Incidentally, the internal resistance of a secondary battery increases when it deteriorates. Accordingly, when a charge voltage is applied across a series circuit formed by connecting a plurality of secondary batteries 111, 112, and 113 in series, the terminal voltage across a secondary battery having larger internal resistance, that is, a deteriorated secondary battery, becomes larger than those of the other intact batteries. When this happens, a charge voltage is no longer distributed equally to the respective secondary batteries. For example, assume that the secondary batteries 111, 112, and 113 are deteriorated more in this order, the terminal voltage α11 across the most deteriorated secondary battery 111 becomes the highest and the terminal voltage α13 across the least deteriorated secondary battery 113 becomes the lowest.
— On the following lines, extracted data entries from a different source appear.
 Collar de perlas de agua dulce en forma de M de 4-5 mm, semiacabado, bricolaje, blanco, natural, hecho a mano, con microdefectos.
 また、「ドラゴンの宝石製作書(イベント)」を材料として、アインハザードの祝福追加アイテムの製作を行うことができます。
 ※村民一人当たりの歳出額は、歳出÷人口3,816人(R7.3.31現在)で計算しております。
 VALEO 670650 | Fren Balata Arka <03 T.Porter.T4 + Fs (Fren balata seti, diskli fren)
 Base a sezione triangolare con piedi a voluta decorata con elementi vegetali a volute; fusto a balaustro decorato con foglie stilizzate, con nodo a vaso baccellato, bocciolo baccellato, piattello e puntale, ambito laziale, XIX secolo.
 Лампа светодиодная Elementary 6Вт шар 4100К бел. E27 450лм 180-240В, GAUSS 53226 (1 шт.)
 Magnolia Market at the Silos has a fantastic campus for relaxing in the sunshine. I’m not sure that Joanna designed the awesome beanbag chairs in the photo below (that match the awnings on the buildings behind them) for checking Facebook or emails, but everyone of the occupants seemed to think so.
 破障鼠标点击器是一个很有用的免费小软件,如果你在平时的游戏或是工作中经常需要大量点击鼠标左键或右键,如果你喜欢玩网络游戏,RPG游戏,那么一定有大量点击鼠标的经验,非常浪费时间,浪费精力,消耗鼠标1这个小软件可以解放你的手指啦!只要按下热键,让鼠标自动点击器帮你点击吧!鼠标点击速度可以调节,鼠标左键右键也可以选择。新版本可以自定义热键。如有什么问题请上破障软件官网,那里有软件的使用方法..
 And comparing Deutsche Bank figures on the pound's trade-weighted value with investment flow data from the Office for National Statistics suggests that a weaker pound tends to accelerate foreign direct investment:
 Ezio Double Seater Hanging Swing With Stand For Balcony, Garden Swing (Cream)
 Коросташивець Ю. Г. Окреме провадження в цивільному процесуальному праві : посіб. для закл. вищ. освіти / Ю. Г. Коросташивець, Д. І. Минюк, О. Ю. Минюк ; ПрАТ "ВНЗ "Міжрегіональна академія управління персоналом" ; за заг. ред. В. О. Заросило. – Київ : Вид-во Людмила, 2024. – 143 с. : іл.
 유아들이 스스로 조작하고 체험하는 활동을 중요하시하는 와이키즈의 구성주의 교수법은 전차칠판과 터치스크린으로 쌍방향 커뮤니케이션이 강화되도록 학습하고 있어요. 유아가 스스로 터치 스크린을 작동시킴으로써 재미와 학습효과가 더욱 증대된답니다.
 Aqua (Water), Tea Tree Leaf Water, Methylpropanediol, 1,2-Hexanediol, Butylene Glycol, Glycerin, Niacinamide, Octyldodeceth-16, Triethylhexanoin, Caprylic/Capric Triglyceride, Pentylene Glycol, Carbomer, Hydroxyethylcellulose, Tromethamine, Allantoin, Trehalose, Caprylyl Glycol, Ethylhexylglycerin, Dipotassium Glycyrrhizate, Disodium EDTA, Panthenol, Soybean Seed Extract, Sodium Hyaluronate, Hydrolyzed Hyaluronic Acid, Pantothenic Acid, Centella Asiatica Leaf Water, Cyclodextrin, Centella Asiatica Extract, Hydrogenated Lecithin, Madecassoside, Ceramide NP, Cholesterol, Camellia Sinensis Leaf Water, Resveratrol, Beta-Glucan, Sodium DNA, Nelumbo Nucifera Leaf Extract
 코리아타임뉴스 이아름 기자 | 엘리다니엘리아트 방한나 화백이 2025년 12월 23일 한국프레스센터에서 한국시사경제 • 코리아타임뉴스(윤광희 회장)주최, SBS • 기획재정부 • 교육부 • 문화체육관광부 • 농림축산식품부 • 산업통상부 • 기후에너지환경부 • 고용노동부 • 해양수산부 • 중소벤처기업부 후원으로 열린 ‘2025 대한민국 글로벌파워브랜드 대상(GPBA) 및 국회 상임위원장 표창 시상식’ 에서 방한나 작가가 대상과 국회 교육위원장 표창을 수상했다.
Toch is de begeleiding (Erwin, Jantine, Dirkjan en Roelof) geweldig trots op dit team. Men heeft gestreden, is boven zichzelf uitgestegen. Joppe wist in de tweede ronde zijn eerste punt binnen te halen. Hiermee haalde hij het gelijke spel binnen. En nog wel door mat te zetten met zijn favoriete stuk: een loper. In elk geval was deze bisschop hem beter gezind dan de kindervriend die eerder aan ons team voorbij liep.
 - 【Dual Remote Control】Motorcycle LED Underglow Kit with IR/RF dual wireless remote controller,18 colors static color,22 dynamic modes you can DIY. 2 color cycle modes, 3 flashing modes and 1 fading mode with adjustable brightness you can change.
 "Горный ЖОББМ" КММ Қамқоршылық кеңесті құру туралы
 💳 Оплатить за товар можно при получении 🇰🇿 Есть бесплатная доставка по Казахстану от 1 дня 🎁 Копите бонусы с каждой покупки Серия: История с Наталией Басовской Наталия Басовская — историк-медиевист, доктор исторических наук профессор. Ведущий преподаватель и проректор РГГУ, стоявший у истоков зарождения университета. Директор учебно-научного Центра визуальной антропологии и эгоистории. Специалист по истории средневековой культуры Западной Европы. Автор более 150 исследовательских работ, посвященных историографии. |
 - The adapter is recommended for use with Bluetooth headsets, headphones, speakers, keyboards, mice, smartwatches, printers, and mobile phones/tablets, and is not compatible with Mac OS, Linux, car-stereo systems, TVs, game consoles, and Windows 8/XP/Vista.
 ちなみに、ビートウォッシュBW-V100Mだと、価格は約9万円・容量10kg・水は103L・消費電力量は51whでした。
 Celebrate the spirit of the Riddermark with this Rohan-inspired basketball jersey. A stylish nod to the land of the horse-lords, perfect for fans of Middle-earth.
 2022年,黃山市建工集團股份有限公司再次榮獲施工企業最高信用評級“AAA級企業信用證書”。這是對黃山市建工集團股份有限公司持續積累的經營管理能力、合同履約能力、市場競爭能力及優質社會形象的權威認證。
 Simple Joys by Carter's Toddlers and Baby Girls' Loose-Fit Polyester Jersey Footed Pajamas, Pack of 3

Then, at timing T102 in FIG. 6 when the charge ends, the terminal voltages α11, α12, and α13 across the secondary batteries 111, 112, and 113, respectively, are all different voltages, which gives rise to an imbalance among the secondary batteries 111, 112, and 113. By discharging the set battery that has been charged in the occurrence of an imbalance as described above by connecting a load to the set battery, then the terminal voltages across the secondary batteries drop faster in ascending order of deterioration.
In a case where a secondary battery is discharged, the secondary battery deteriorates when it is overdischarged. Accordingly, a voltage about at which the secondary battery will not be deteriorated is set as the cut-off voltage of discharge, Vt, which is the voltage at which discharge is to end. For example, in the case of a lithium-ion battery, the cut-off voltage of discharge, Vt, is typically set to a voltage of about 3.0 V. It is configured in such a manner that the discharge ends when the lowest voltage among the terminal voltages α11, α12, and α13 has dropped to the cut-off voltage of discharge, Vt=3.0 V (timing T103).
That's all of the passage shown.